Really? You’d rather have the guy who thinks he should be allowed to have you assassinated without any form of oversight than the guy who is too naive?
I think Paul would be a good influence, precisely because I don’t think he’d get his own way all the time. He’d be a restraining influence on your government, and should rein in its more abhorrent ideas, like imprisoning people indefinitely without trial.
Ron Paul is a crank. If he successfully transplants his hard money inflationistas into the Federal Reserve, a lost decade would become a certainty. Elaboration.
Romney may talk nonsense, but he presumably has an understanding of textbook economics and would probably re-appoint Bernanke or somebody in the same quadrant. Sure, he’ll screw up health care and probably prop his fat cat friends, but at least he’s rational, even if his party is not.
ETA: But a Ron Paul nomination would secure an Obama victory. Go Ron Go!
I actually probably would rather have that. It was only 13 years ago that a police department in Texas busted in the door of a home and engaged in legally-sanctioned gay bashing. That act of malice by the state against its own people eventually resulted in the Supreme Court telling states that they couldn’t treat their citizens that way. Ron Paul says that states should be re-empowered to commit those acts of terror against their people.
For me, that cuts a lot closer to the bone than a guy in Yemen being blown up by a UAV. Even if Ron Paul never got that extremist legislation through Congress, would his Attorney General vigorously enforce civil rights laws?

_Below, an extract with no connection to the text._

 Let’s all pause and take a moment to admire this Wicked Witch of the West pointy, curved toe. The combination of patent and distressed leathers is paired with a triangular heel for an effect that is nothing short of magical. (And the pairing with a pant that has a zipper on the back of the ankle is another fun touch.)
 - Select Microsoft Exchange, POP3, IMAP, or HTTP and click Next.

Some of us worry more, and for good reason, about the state-empowered police helicopter than the federally-empowered drone.

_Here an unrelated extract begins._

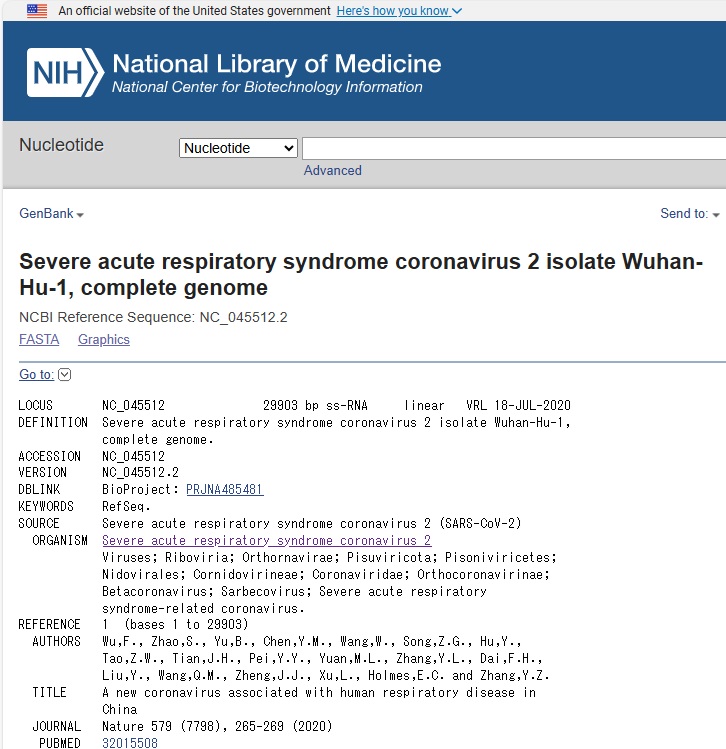 では、実際に武漢株(2020.07.18報告版)のページを見てみましょう:▶ ▶ ▶(Severe acute respiratory syndrome coronavirus 2 isolate Wuhan-Hu-1, complete genome):この武漢株(2020.07.18報告版)が新型コロナウイルス SARS-CoV-2 の変異を見る基準になっているようです。

How is it exactly that Paul’s “good ideas” would be enacted via Libertarian talk therapy, but the nutty/damaging stuff (including antivaccination views, gutting the FDA and letting business abuses run rampant) would not be taken up by adherents in Congress?
The fact that Ron Paul has not been getting a tremendous amount of media attention (largely because reporters and commentators realize that his gooney ideas and adherents render him unelectable) has been a big plus for his campaign. As soon as (if) he is perceived as a real contender through performance in Iowa and/or New Hampshire, he’s going to get a real going over. Once he’s under that spotlight along with his crazy-ass followers, his showing in the polls will melt away like those of Cain, Perry and Bachmann.
The above assumes that Paul will not run as a third-party candidate, the impossible dream of everyone in Obama’s campaign.
This argument right here pretty much demonstrates why I won’t vote for Paul- his supporters. As soon as anyone points out any sort of shortcoming on Paul’s behalf, his supporters swoop in with the vitriol and excluded-middle deflection. It’s tiresome.
If it wasn’t for his supporters, I might actually like the guy. But I wouldn’t be able to pull the lever next to his name without remembering all the times I had to end an argument with a RP supporter by backing away slowly and avoiding eye contact.